And the fact that the system had to be regularly rebooted , and was actually used in the field although this fact was known is simply pathetic, added to which the fact that they couldn't even automate the reboot smacks of gross incomptence.
Whoah! 7 nines uptime!
22 seconds of downtime per year.
Somebody is on drugs if they sold that. Somebody is on even stronger drugs if they bought that story.
"5 nines", for all intents and purposes, is as good as it gets, with "6 nines" seen as the holy grail. The top HA system I've ever dealt with (running a Telco's billing operation spanning 4 countries!) quoted a figure of 0.999996. To nobody's suprise, it did not run Windows.
Wonder how much their failure clause is going to set them back?
Norman Cook's Ode to Sl
psShutdown with task schedular would have been enough. honestly don't think M$ should be held entirely responsible. any f00l coul have set this up.
BTW, going from UNIX to Windows is more of a migration, not necessarily an upgrade.
You need people like me so you can point your fuckin fingers and say, "That's the bad guy." So what that make you? Good?
While I hate MS as much as the next guy, this might not really be directly their fault. Unix systems are often installed with the instruction taht they get reboots regularly. Often there is a problem that is caused by application code not the OS. If you have a memory leak in an application that runs and stays up all the time, it's going to cause the system to get horribly unusalbe in the long run regardless of whether it's UNIX or Windows.

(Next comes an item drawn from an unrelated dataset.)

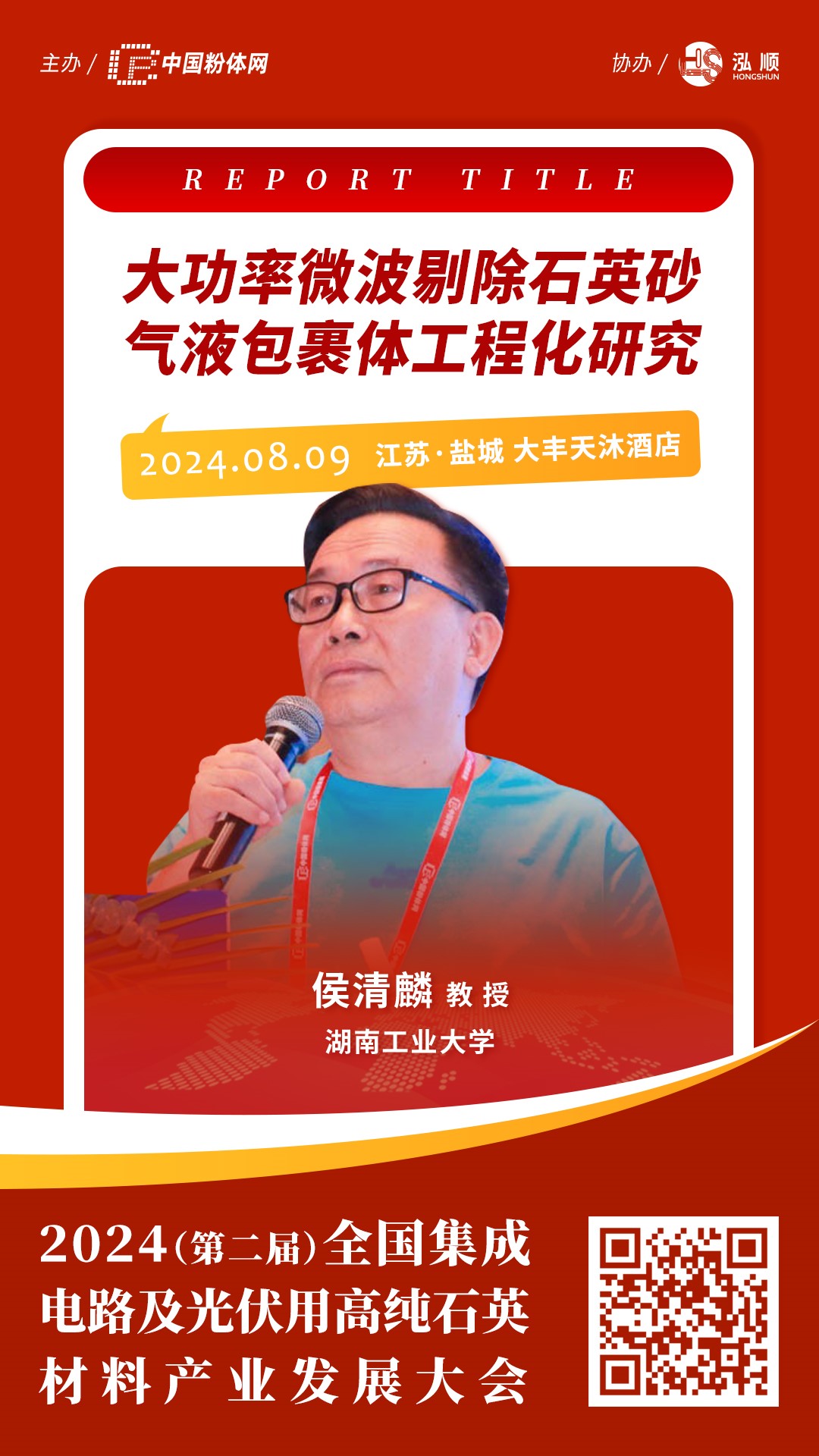2024年8月9日,中國粉體網(wǎng)將在江蘇鹽城大豐天沐酒店舉辦“2024(第二屆)全國集成電路及光伏用高純石英材料產(chǎn)業(yè)發(fā)展大會”,屆時,來自湖南工業(yè)大學(xué)的侯清麟教授將作《大功率微波剔除石英砂氣液包裹體工程化研究》報告,詳細(xì)講述微波技術(shù)剔除石英砂氣液包裹體。

While a reboot might be overkill when it was just one application misbehaving, a reboot is a guaranteed way to kill and reset the responsible program no matter which one it is. At a previous place of employment we told the customer to do monthly reboots mainly because we didn't trust *our own* code to be that perfect.
Don't label something "offtopic" unless you know the topic well enough to tell what's on topic.
You don't blame the bike, you blame the person trying to use a grossly inappropriate tool.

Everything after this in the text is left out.